Suits don’t feature in my natural habitat and I have never done a job that required me to don one. This is why I have also never been at all impressed by people wearing them, in fact whenever someone approaches me wearing a sharp business suit a little voice in my head always says “What are you after?” Suits actually make me suspicious.

People who wear them naturally always presumes that everyone thinks they look professional and business-like but I have surveyed my friends regularly down the years and I am convinced that although it may be true to an extent, 50% of the population actually think the opposite. A suit for them is a sign that someone may not be very trustworthy.

I mentioned this to a letting agent I knew once who was telling me how important a suit was to project the right image. When I told him about my on-going survey he looked totally perplexed. He had never considered that people could actually be thinking the exact opposite. He subsequently got done for fraud and money laundering. Readers of Property 118? I rest my case!

I know there are some great letting agents out there, some are personal friends of mine but even they would admit that letting agents aren’t generally high on people’s trust-list and what makes the great ones so good has nothing to do with the wearing of suits. In fact if people don’t trust letting agents and letting agents wear suits all the time, well, it’s a simple equation isn’t it?

I’ll come back to this suit thing in a minute.

I sometimes think that the only thing that unites tenants and landlords is their dislike of letting agents and the one thing both seem to have in common is the complaint about fees, followed quickly by crap and impersonal service. Regular readers will know I believe that letting agents should be regulated. I’m not alone in this. I know many of you think the same and many letting agents agree because the unregulated sharks in the industry, like the guy I mentioned above, give the good ones a bad name but I have been noticing lately a new development in the industry that I predict may actually make regulation unnecessary, and it’s coming from the inside.
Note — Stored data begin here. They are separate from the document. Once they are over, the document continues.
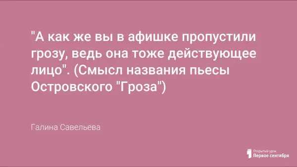 Предлагаемый урок является частью сложившейся у меня системы изучения драматических произведений. Урок раскрывает умение Н.А. Островского универсально реализовать метафору грозы в своей пьесе и подготавливает учеников к домашнему сочинению по теме: "Смысл названия пьесы Островского "Гроза".
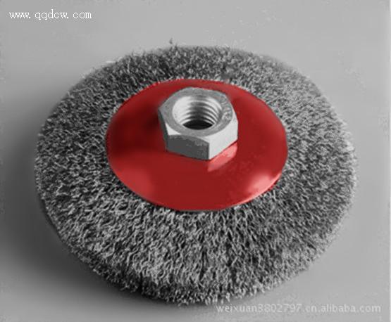 电池打磨-碟型(红碗)钢丝轮产品参数:外径100-125mm,螺母M14x2、M10x1.5,材质304#不锈钢丝,丝径0.15-0.2mm。
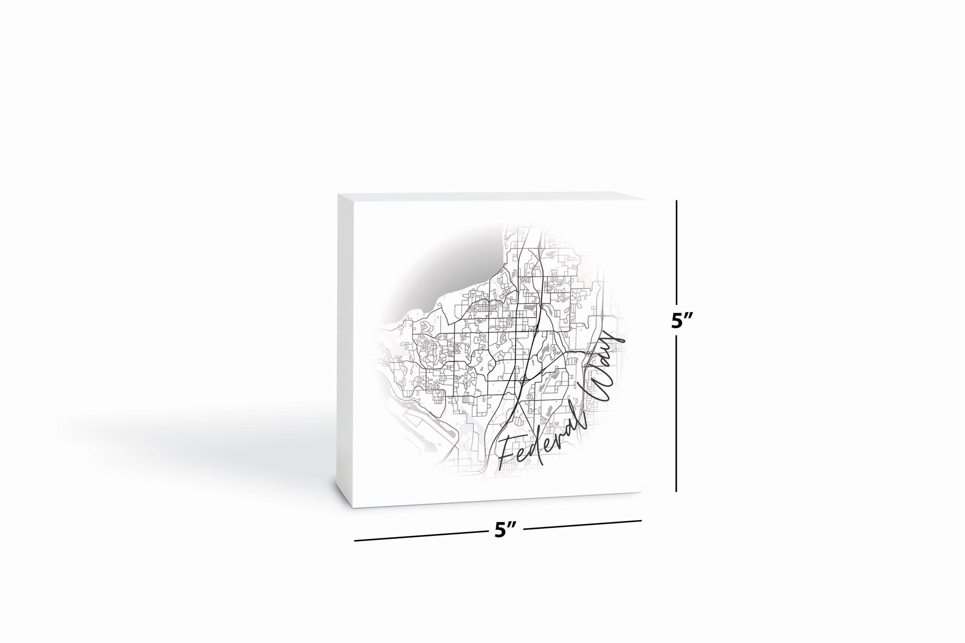 Minimalistic B&W Washington Federal Way Circle Map | Wood Block | Eaches | Min 4

It seems that each month more and more online letting agent services are being created. Section 52 of the Law of Property Act 1925 states that all conveyances of land must be done by deed and a tenancy agreement is a form of conveyance, a land transfer, if you will so the LPA covers it. However section 54 establishes that if the letting is for less than 3 years you don’t need a deed, that’s why a tenant doesn’t need a written agreement to be a tenant, it happens when they move in and start paying rent.

Some agents are cottoning on to this and are signing tenancy agreements digitally. They also offer reference checks and all the usual agent stuff for considerably less than their high street counterparts. Let’s face it, they don’t have the overheads.

I came across Open Rent, a new kid on the block run by Adam Hyslop and Darius Bradbury who offer a tenant find service, referencing and digital sign up for £20, charged to landlords and tenants. I immediately wondered how a high street agent could compete with that since agents will commonly charge tenants up to £400 and landlords sometimes the entire first month’s rent, which could run to well over £1,000.

Thinking this was just Open Rent with a unique idea I got into a chat with housing journalist Penny Anderson of Renter Girl blog fame and she told me about having interviewed Rent Lord, who are offering a similar thing. This set me thinking about the future of letting agents if this becomes the norm. Over the past few years I have seen an explosion in high street agents. I counted 29 within a 1 mile radius of my flat last year. What will happen to them if these cheaper online boys hit the mother-lode?

So I contacted Nigel Purves of Let Engine and asked whether he thought this was a fad, a relevant new development or the death knell for traditional letting agents, which is what I was thinking. Completely unbeknownst to me Nigel’s crew are doing the same thing. I had a look at his site and burst out laughing when the first words I read were “The no dodgy-suits way to let your property”, at last, a man after my own heart.

I asked Nigel why this was happening now and he said:-
“Ten years ago, people just weren’t ready. But since then ever larger & more complex transactions have been going online, and on the other side the technology has been getting both better & cheaper”.

He cited travel agents as a case in point. They have been closing shops by the shed load and offering online bookings instead. Nigel doesn’t think it is the end of letting agents per se but suggested they will have to adapt if they are to survive.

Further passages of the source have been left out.